The National Tiger Conservation Authority in collaboration with the State Forest Departments, the Wildlife Institute of India (WII) and conservation partners conducts a national assessment for the “Status of Tigers, Co-predators, Prey and their Habitat” once in every four years. The aim of this exercise is to gauge the success of conservation efforts and to keep track of tiger populations and their ecosystems. What had until recently been a manual process of counting the individual tigers in the forests has now sought to be automated with the use of artificial intelligence techniques. 

It was in 2016, when Ankita Shukla was in her second year of PhD at the Indraprastha Institute of Information Technology, Delhi, under the supervision of Dr.
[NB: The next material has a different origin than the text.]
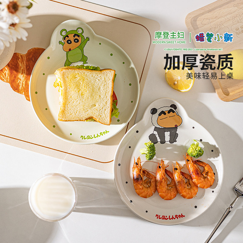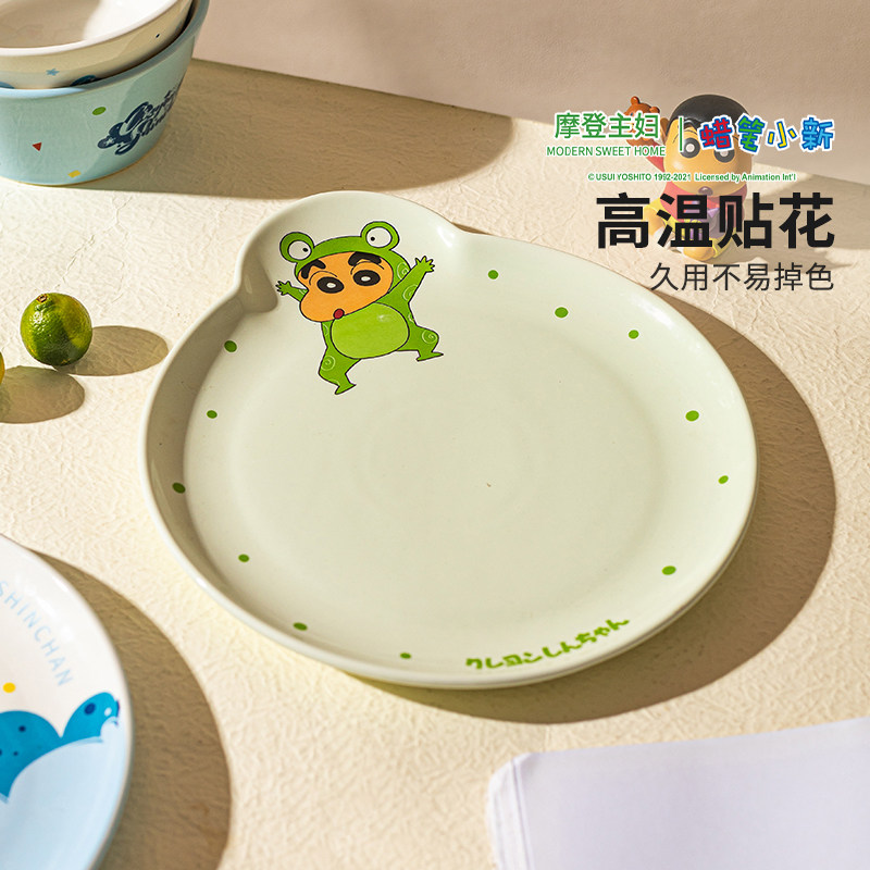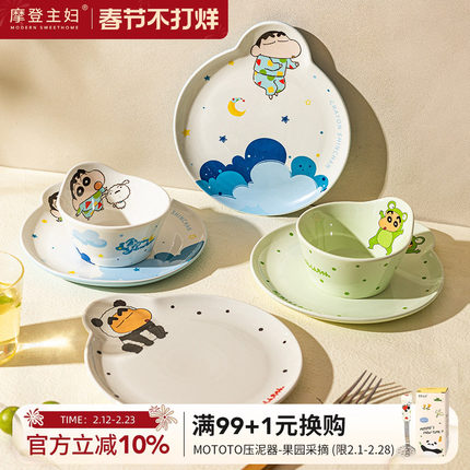 【摩登主妇&蜡笔小新】饭碗盘子家用酸奶碗具可爱餐具儿童早餐盘

Saket Anand, when she was offered to work on the tiger project with WII. The idea was to leverage computer vision for solving a real world problem. “I agreed to work on this project because I have a lot of affection for animals,” says Ankita, in her conversation with INDIAai.
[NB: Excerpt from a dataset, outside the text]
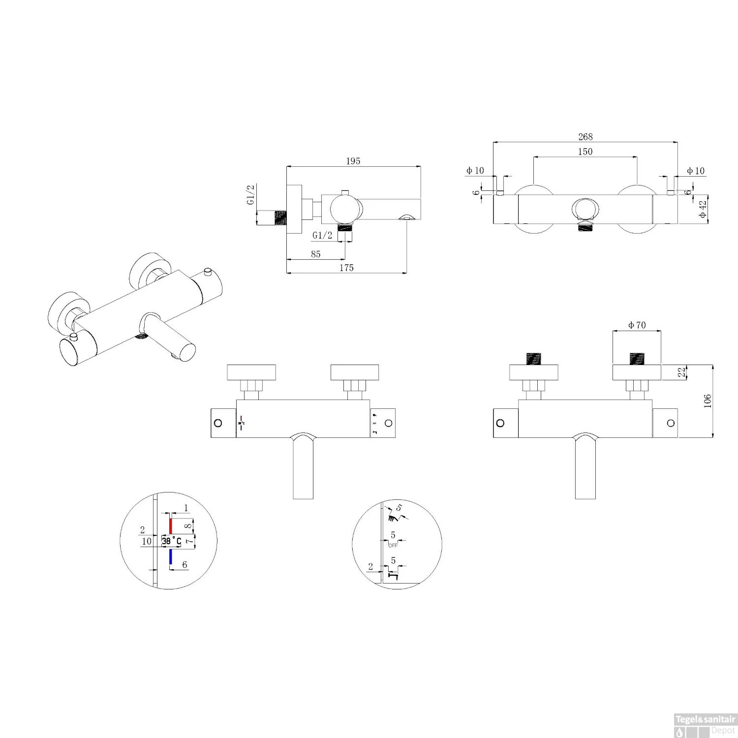 Specificaties Thermostatische Badmengkraan Boss & Wessing Met Cool Touch Chroom:

It was a challenging research journey to embark upon. “At that point of time, we had no clue what kind of a data set it is going to be. But nevertheless, we started getting a lot of tiger images and these were all camera trap images,” says Ankita. But there was an inherent risk in sharing this data, which if acquired by bad actors, could be catastrophic for animal safety. “WII ensured that the images do not have location information or the path location.” 
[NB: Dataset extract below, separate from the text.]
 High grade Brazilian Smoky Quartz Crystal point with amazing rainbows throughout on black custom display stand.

“As we started looking at those images, we realised it's more challenging to work with tiger images as opposed to our standard computer vision datasets,” explains Ankita. One of the specific issues, when dealing with tiger images, was the camouflage problem. “It's very easy for a tiger to get blended in the background; and while we can see it, it's very difficult for a machine to differentiate. In fact, this can be a tedious task for humans too, sometimes. For example, if it's in a very dry landscape, then the rocks start looking somewhat like the tiger itself, at least for the machine if not for us.”

Another problem was making the distinction between different individuals to establish their uniqueness. “It’s very tough to tell apart one tiger from another because the difference is very subtle, and it exists only in their stripe patterns. So the question was, how can we make an AI system, which can use just a small amount of data to capture the fine-grained information. Since this requires very sensitive data, we ran our algorithms on publicly-available datasets and wrote a paper around it.” Their paper can be accessed here.

Ankita talks about another use of AI in the wild– a broader problem than even the tiger identification task – the detection of different animal species. “You can think of species classification as a pre-processing step to even the tiger identification problem because you’ll need to separate out the tiger images from rest of the species first, right?”

Giving an insight into the workings of the AI system, she explains, “So when you're talking about the motion triggered cameras, they're not going to differentiate between a tiger or bull or pig – they will capture everything. Sometimes, you even get human images, for example, if there's someone going on a motorbike for putting something in the park. The first task, therefore, was to segregate the tiger images from the rest because we need to work on individual identification. And the second task was to understand what the species categorisation is in a particular area.” The prelude to classification of species is, of course, the identification of all species in an area. “The task of this AI system that we devised was to identify the species present in a given a set of images",” says Ankita.

Co-developed with another researcher, Gullal Singh Cheema, this image processing software known as CaTRAT (Camera Trap Data Repository and Analysis Tool) is currently being used by WII for geotagging, coding and segregating the images to individual species folders. The geo-tagged images are scrutinized for potential software misclassification.